What the exercise asks: Beginning at the line containing "Le Champagne Extra", give again every line through the end of the data, unchanged and with both ends included. Drop any pictures.

Provided material:
+ + +

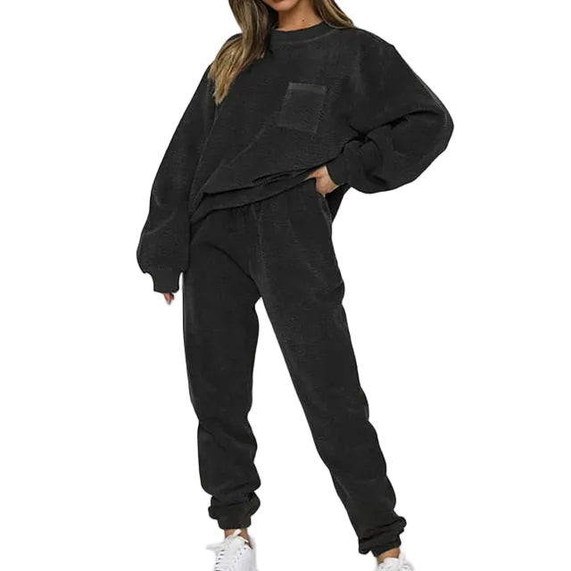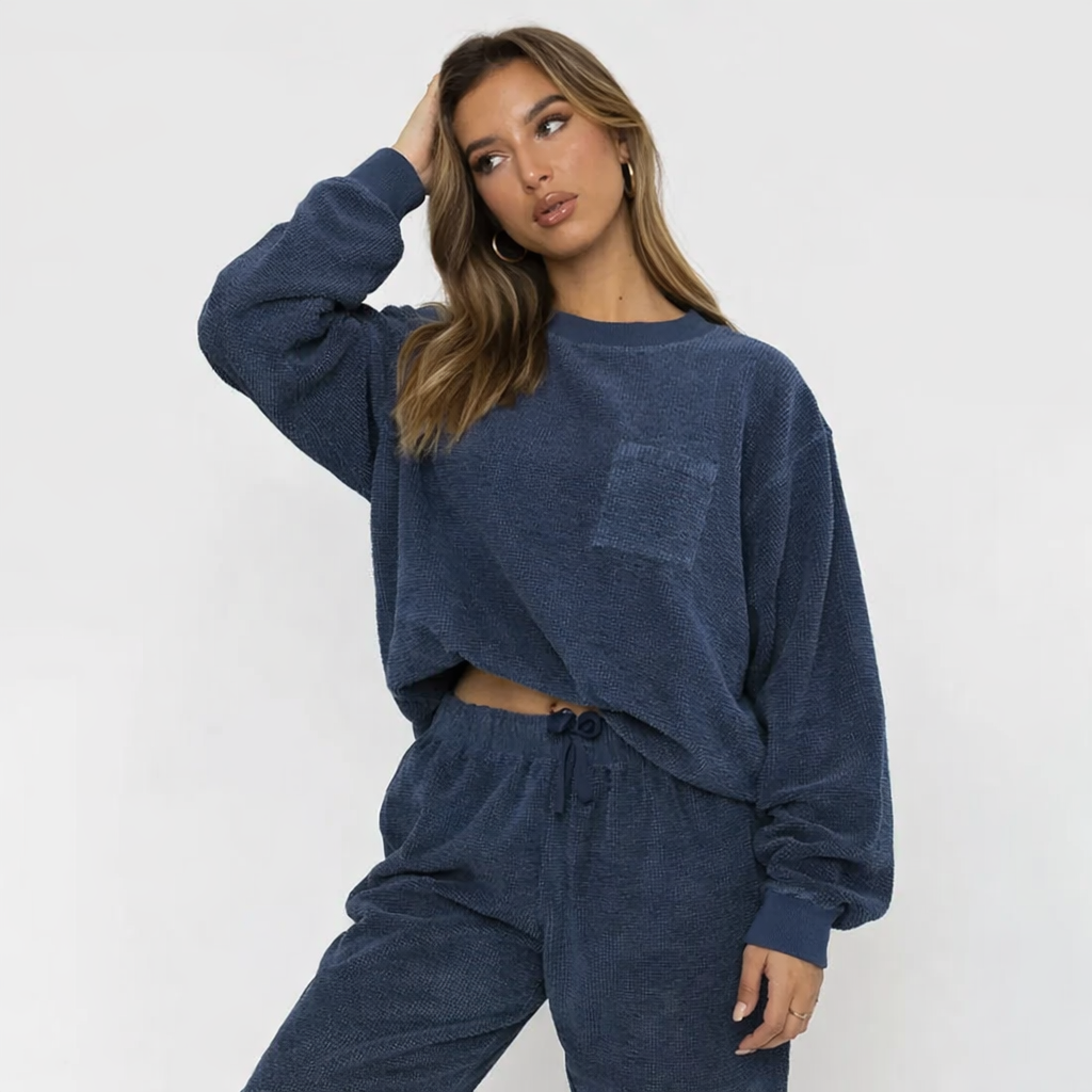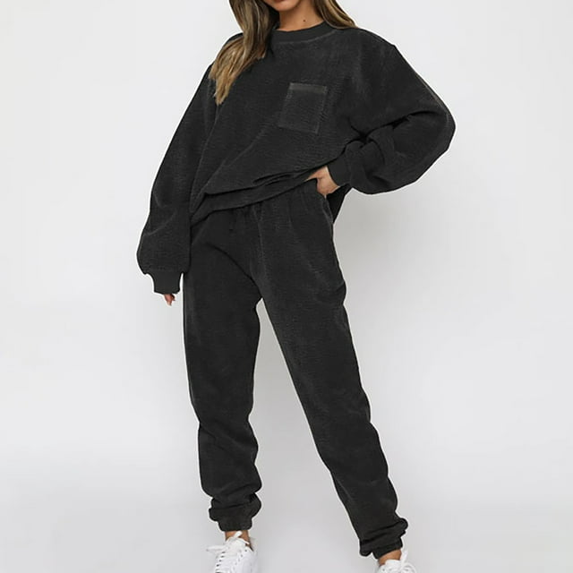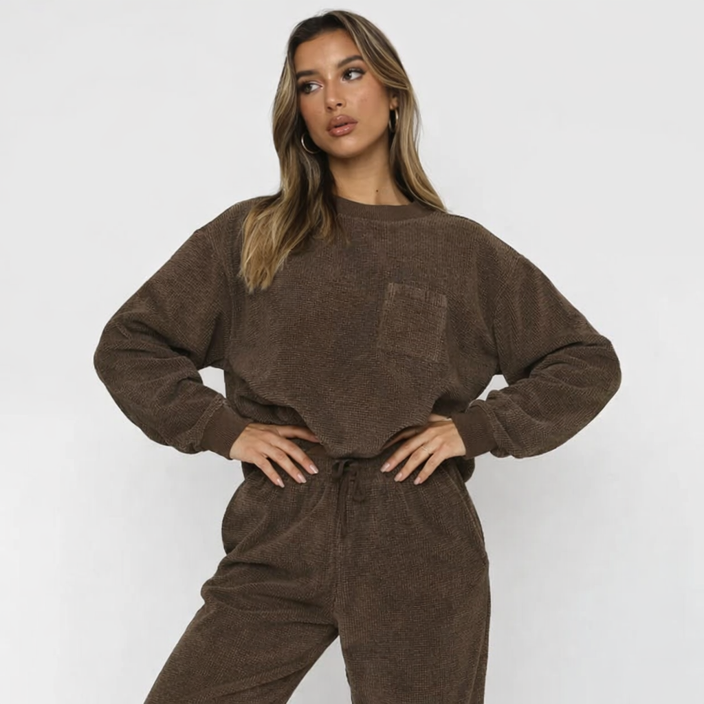This set for women includes a crew neckline top and joggers with an elastic waistband. The top features long sleeves with ribbed cuffs and a ribbed surface. The joggers have a drawstring closure at the waist, side pockets, and ribbed ankle cuffs. Both pieces show a ribbed vertical surface pattern.
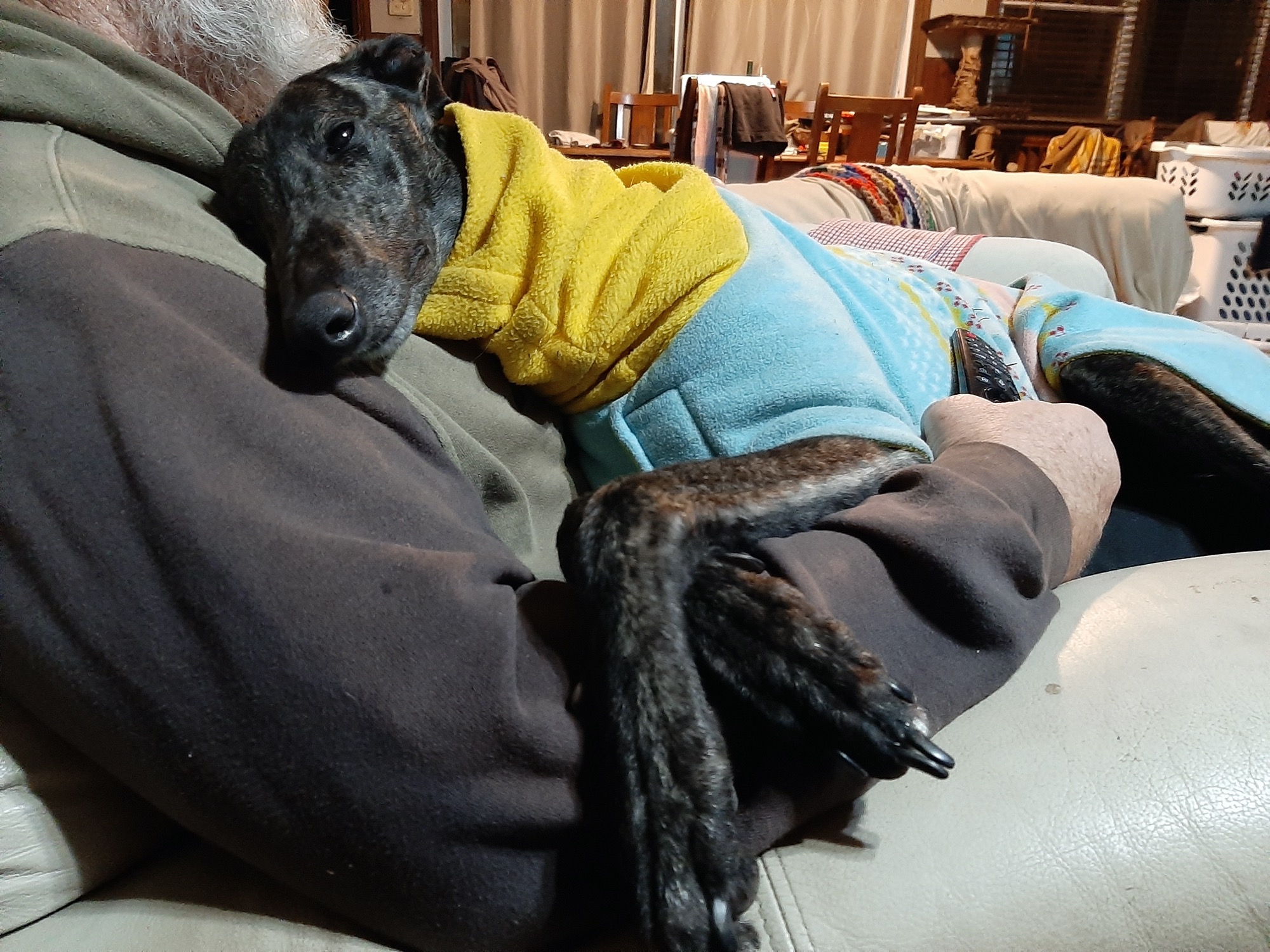 She does enjoy being around people and will take any chance she can get for a snuggle on the couch or to morph into a lap-dog despite her size.
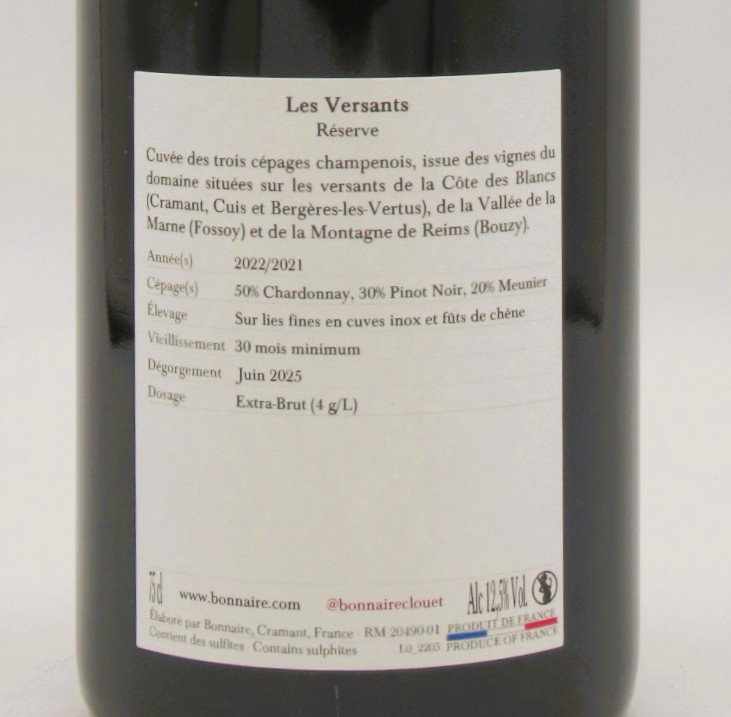Le Champagne Extra Brut Les Versants Bonnaire est un assemblage de 50 % Chardonnay, 30% Pinot Noir, 20 % Pinot Meunier.
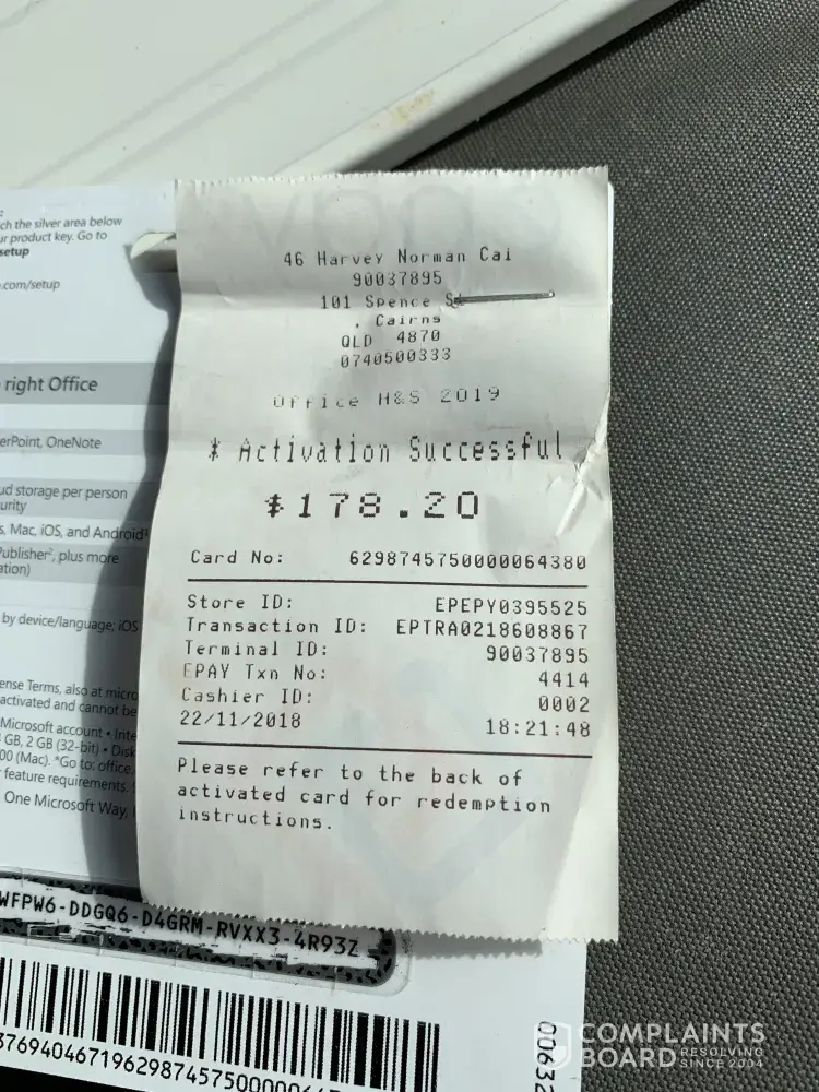 Purchased this product from Harvey Norman cairns and when I have tried to activate it it won't work. Keeps telling me it's not a valid code. Phoned Microsoft and they advised that it is not a valid activation code and that I had to take it back to the place of purchase for a refund. So I went back to the cairns store and was advised that you only have 24 hrs to report any problems with the product, which I was no told when purchasing, and that there was nothing they could do about it. I'm not asking for anything other than having the product I bought working. So I am respectfully asking either a refund or a replacement. I still have the receipt. Transaction code is EPTRA0218608867.

+ + +

Result of this task:
Le Champagne Extra Brut Les Versants Bonnaire est un assemblage de 50 % Chardonnay, 30% Pinot Noir, 20 % Pinot Meunier.
 Purchased this product from Harvey Norman cairns and when I have tried to activate it it won't work. Keeps telling me it's not a valid code. Phoned Microsoft and they advised that it is not a valid activation code and that I had to take it back to the place of purchase for a refund. So I went back to the cairns store and was advised that you only have 24 hrs to report any problems with the product, which I was no told when purchasing, and that there was nothing they could do about it. I'm not asking for anything other than having the product I bought working. So I am respectfully asking either a refund or a replacement. I still have the receipt. Transaction code is EPTRA0218608867.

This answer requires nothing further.